Dave Ramsey. The Total Money Makeover: A Proven Plan for Financial Fitness. Nashville: Thomas Nelson, 2003.

            If you want to know what is in this book without reading it, you could catch a couple of episodes of “The Dave Ramsey Show” on radio. Or, you could have been paying attention to Grandpa and Grandma when they were talking about money. You could have, but, odds are, you didn’t. So now you may need to read the book.
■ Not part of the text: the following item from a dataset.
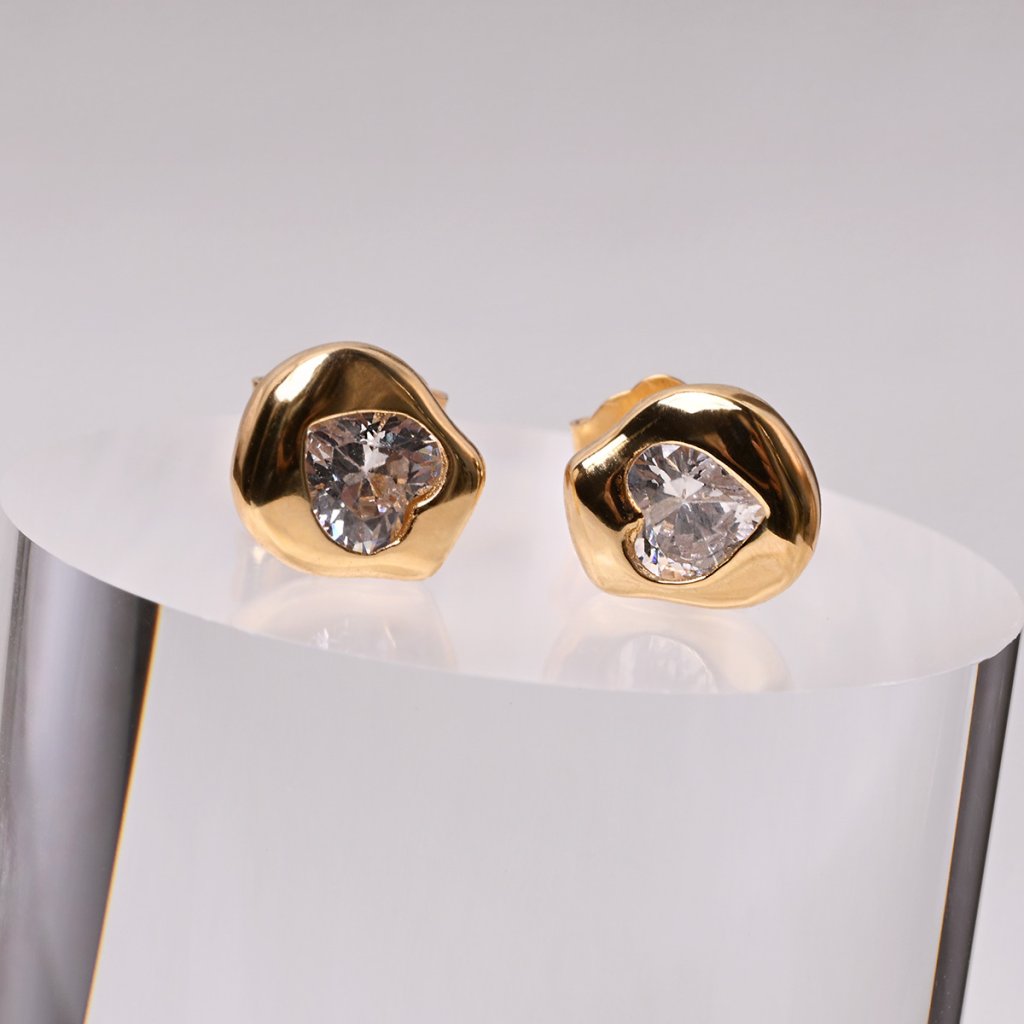 Pozlacené náušnice se zirkonovým srdíčkem 11790.1

            I remember as a student pastor having to go to a day-long seminar in Grenada designed for first time pastorates. Various members of our conference spoke briefly on items related to the ministry: preaching, visiting, sacraments, etc. One spoke on finances. He spoke; we stared at each other. After all, he was addressing us in a foreign language. Things like: “You are always going to be having to get another car. So, pay for the first one. Then, save payments as you go along so when you get ready for the second one, you will have cash to pay for it.” Sure. Right. Most of us were already into struggling to pay the payments on our present cars while we furnished the parsonage with a few niceties of life that were not hand-me-downs from our parents. I remember that I was making a whopping $400 a month as a student pastor. True, it was more than it is now, but, no, it wasn’t nearly enough to start in the hole and get out ahead, especially not when I was still paying for school. Besides, the way of credit was so much easier.

            Sure. Right. You bet.

            It has always struck me as (un)funny how the traditional Wesley question asked of those being ordained elders in the church “Are you in debt so as to embarrass your ministry?” is greeted by nervous laughter from the annual conference. I guess it makes it easier for the candidates to give an affirmative answer. (It really is a serious question.) Then again, as one bishop wryly noted, it takes a lot to embarrass some people.

            But this question probably speaks to our lifestyles as much as any of the others we ask about the things we believe. It does reflect on our view of life, our understanding of what is owed to us (our entitlements in this culture), and our stewardship of the gifts that God has given us. I guess that is what I enjoyed most about this book: there is a purpose to our management of money beyond “piles of cash”, although Ramsey thinks that is okay too. For management involves what we would do with those piles if we had them. That involves our understanding of giving. That is a concept which directly relates to living out our faith in the world.

            Don’t get me started on piles. I have been in enough barnyards to know what they smell like. I have also seen enough gardens to know what happens when the piles are broken up and spread around in the right places. Ah, the power of multiplication.

            This book is about being free. It is about cultivating the graces which keep us free in a world of enslavement, and, in particular, plastic credit card enslavement. I think I might disagree with some of his conclusions, but I dare say that he is right on with his identification of the demonic power that the misuse of money can unleash within our lives.

            And I wonder how many other pastors, and laymen, have found their ability to serve freely and generously bound up with plastic cords. But I have moved beyond preaching to meddlin’.

2/8/05

For a different look at a related subject see Phyllis A. Tickle. Greed.